I learned about how they drill many, many meters down for scientific investigation. Once they take the core on deck, they cut it into about one meter pieces and then halve it. One half is an archive half, which they package up and store. The other half is the working half, which they work and experiment on. As they said, the sediment has not been exposed in millions of years, and they are the first ones to see it, which is very cool! (Benjamin)

In the broadcast I learned that the place where they put the drill is called a moon pool. Before I was told about the moon pool I just thought they put the drill next to the railing and then sent it down into the ocean. The thing that is weird about it is that there is a hole in the boat and the waves could splash up through it. When I think about a hole in the boat I think it is going to sink but it does not because the hole is so deep. (Aiden)

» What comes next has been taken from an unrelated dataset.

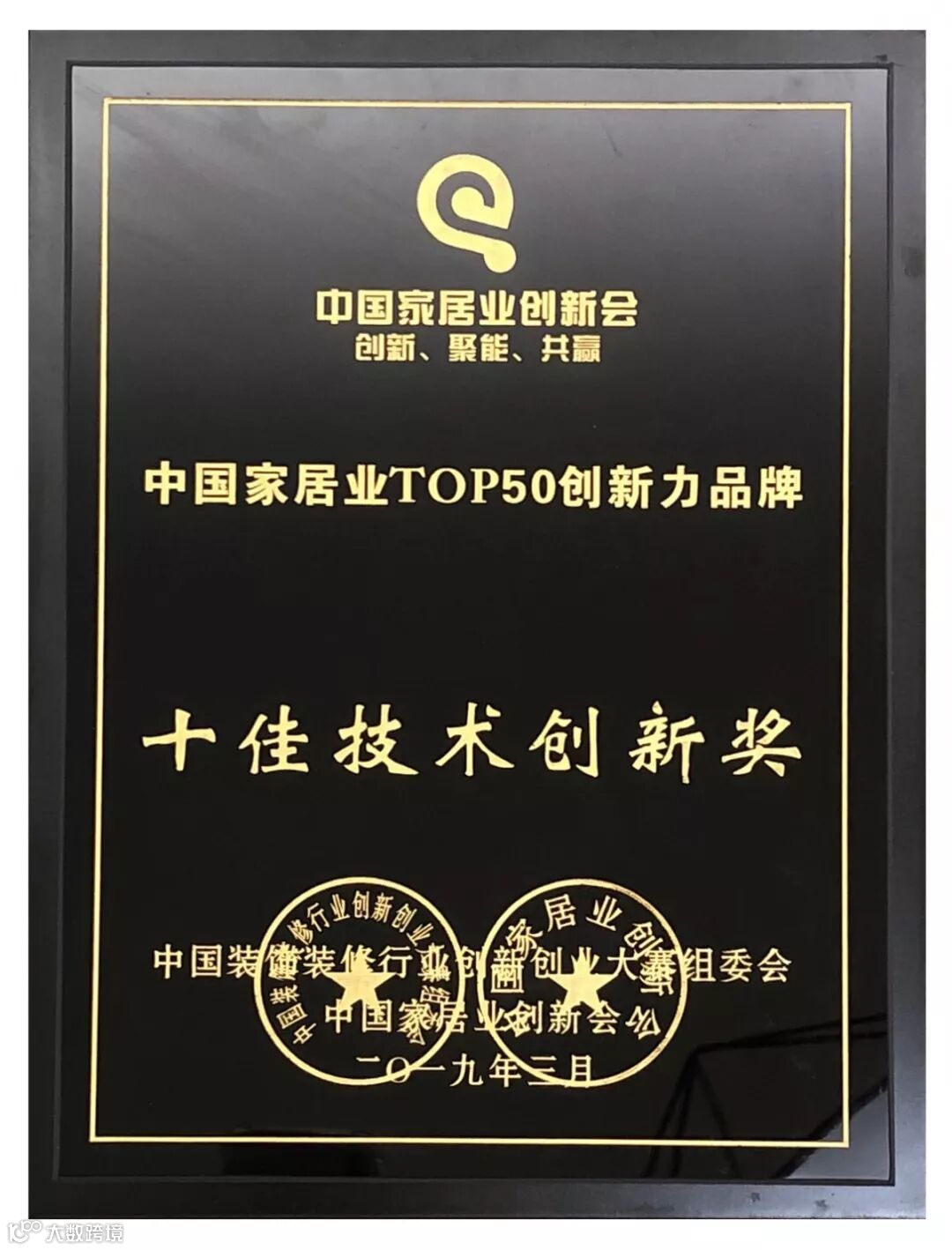 荣获中国家居业TOP50创新力品牌“十佳技术创新奖”

In this video I learned about what basalt is and what is inside basalt. One of the things I did not know is to be a scientist you have to be good at math because you will make charts about percents, decimals, and fractions. I did not know that there would be twelve hour shifts for scientists working on a boat. I did not know that you could find a rock that was up to fifty million years old. I also did not know that that the drill for digging could be so big and also could be super loud. I also did not know that the drill went as low as two thousand feet. One of the most Interesting thing I learned was that not all the scientist were from the same place they were all from different places. I learned that you can dig down to as deep as two thousand feet and only get one hundred feet of sediment. (Daniel)

Today we watched a recorded Skype video with an ocean scientist talking with one of Mrs.Oltman”s classes. In the video we learnt that the scientist does research in the ocean.She had also told us about her job and had shown us around the ship.
She had shown us around the ship, for example, the rooms, mess hall, the core lab and more! The class asked some questions and she answered with some interesting answers. When she showed the core deck she had to wear a helmet and goggles for safety. The drilling sound of the cores from the ocean is very loud. The pipe they drill into the ocean is 9.5 meters long. In the core lab, she showed us a machine that uses Gamma Rays to see what radiations are in the cores. She showed another machine called a cryogenic magnotoner. It is used to see what magnetic fields are in the cores. We got to meet some scientists that come from various places in the world. One scientist had said that one of the oldest pieces of core on the ship is around 50 million years old. She showed us a part in the ship where they have a moon pool.That is where they can drill the pipe into. The drill goes down about 48 hundred meters down.
It was really exciting to see all the “behind the scenes stuff, for example all the cool machinery. It was really cool to see what all the scientists see and do. (Ayushi)

 One girl was so intrigued she said she wants to be a sedimentologist!
This will be the first of many live broadcast or Skype sessions I hope to line up with scientists and those who work in industries related to our topics of study. I’m open to suggestions!  I appreciate the time of the Education Officers and Scientists aboard the JOIDES Resolution and wish them much success in their research and voyage!